On Sept. 11, 2001, Hustvedt saw from her window in Brooklyn the damage wrought by the first hijacked airplane, and her tender piece “9/11, or One Year Later” reflects on how kind New Yorkers were with one another after the tragedy. For weeks, people asked one another if they had lost someone. The city, she found, gradually reverted to its old ways -- loud, raucous and nasty -- but it doesn’t dim her view of New York as a wonderful city of immigrants, pluralism and tolerance. Her plea for ambiguity and mystery in matters of the heart reverberates throughout the collection, particularly in her literary criticism. In “The Bostonians: Personal and Impersonal Words,” she observes that in James’ world there are no absolutes and, quoting James, “in the arts, feeling is always meaning.” Like all his novels, “The Bostonians” is “an investigation of what happens between and among people.”

In “Gatsby’s Glasses,” Hustvedt argues that “The Great Gatsby” ultimately shows how dreams or fiction are necessary to life because they give it meaning. The dense and almost overwhelming essay “Charles Dickens and the Morbid Fragment” draws on Dickens’ novel “Our Mutual Friend,” linguistics, psychoanalysis, neurobiology and her own memories, to meditate on the fragility of the self and its relation to the other.

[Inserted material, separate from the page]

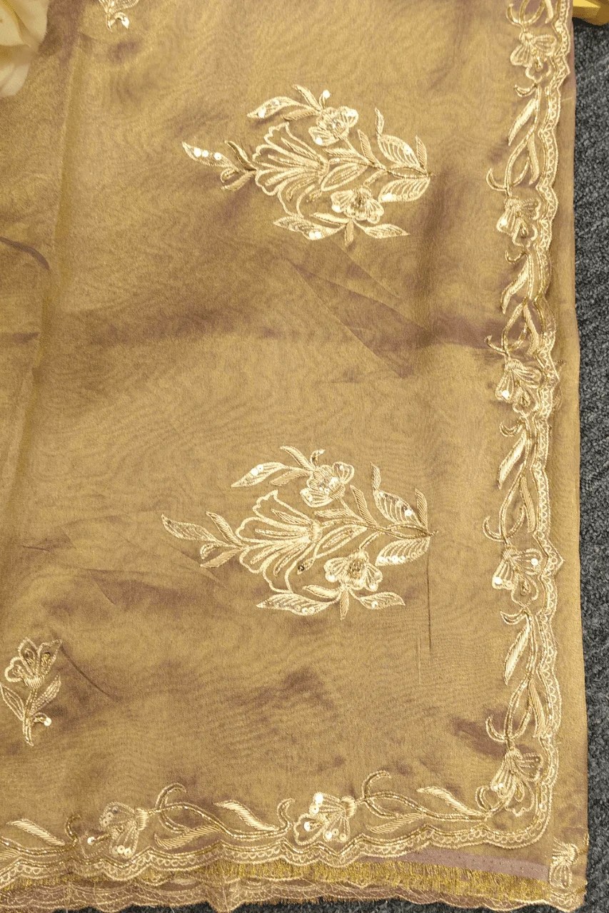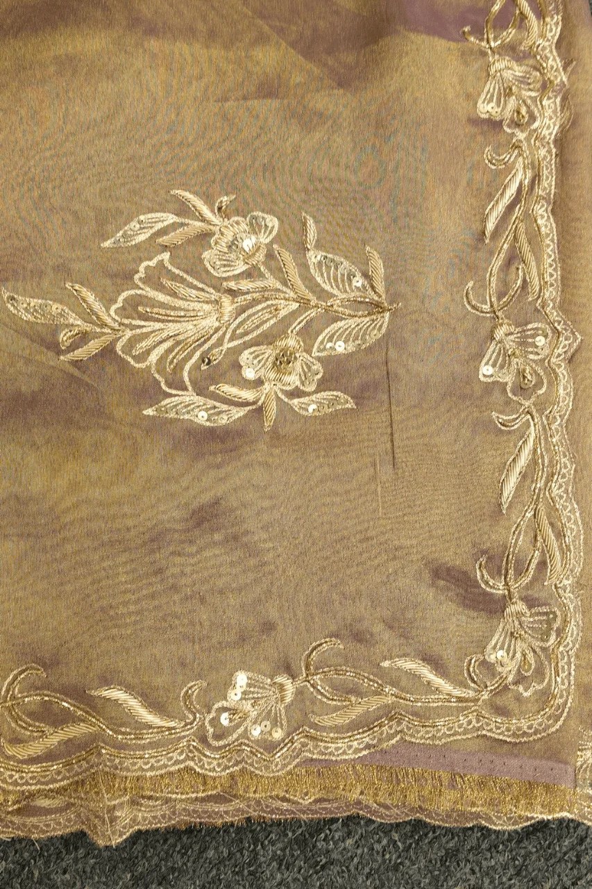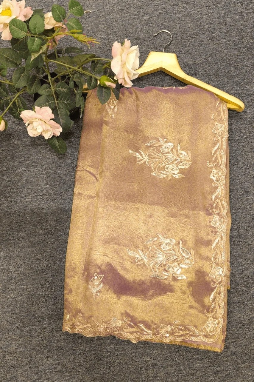 A delicate tissue organza saree featuring a delicate zari border, adorned with intricate booties all over, beautifully embellished with zardozi and nakshi work for a touch of timeless elegance and regal charm.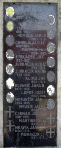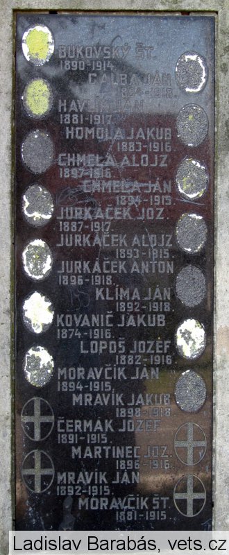 BUKOVSKÝ ŠT. 1890-1914. GALBAVÝ JÁN 1894-1918. HAVLÍK JÁN 1881-1917. HOMOLA JAKUB 1883-1916. CHMELA ALOJZ 1897-1916. CHMELA JÁN 1894-1915. JURKÁČEK JOZ. 1887-1917. JURKÁČEK ALOJZ 1893-1915. JURKÁČEK ANTON 1896-1918. KLÍMA JÁN 1892-1918. KOVANIČ JAKUB 1874-1916. LOPOŠ JOZEF 1882-1916. MORAVČÍK JÁN 1894-1915. MRAVÍK JAKUB 1898-1918. ČERMÁK JOZEF 1891-1915. MARTINEC JOZ. 1896-1916

Though rigorously intellectual, Hustvedt is also down to earth, funny and playful. In the light piece on Pangborn, she recounts how a hotel manager in Paris, excited to see Gerard Depardieu, who was meeting with Hustvedt and Auster, started flapping his arms (just like a Pangborn character) and made a fool of himself. The short, anecdotal “Living With Strangers” humorously describes one coping technique perfected by New Yorkers -- “pretend it isn’t happening.”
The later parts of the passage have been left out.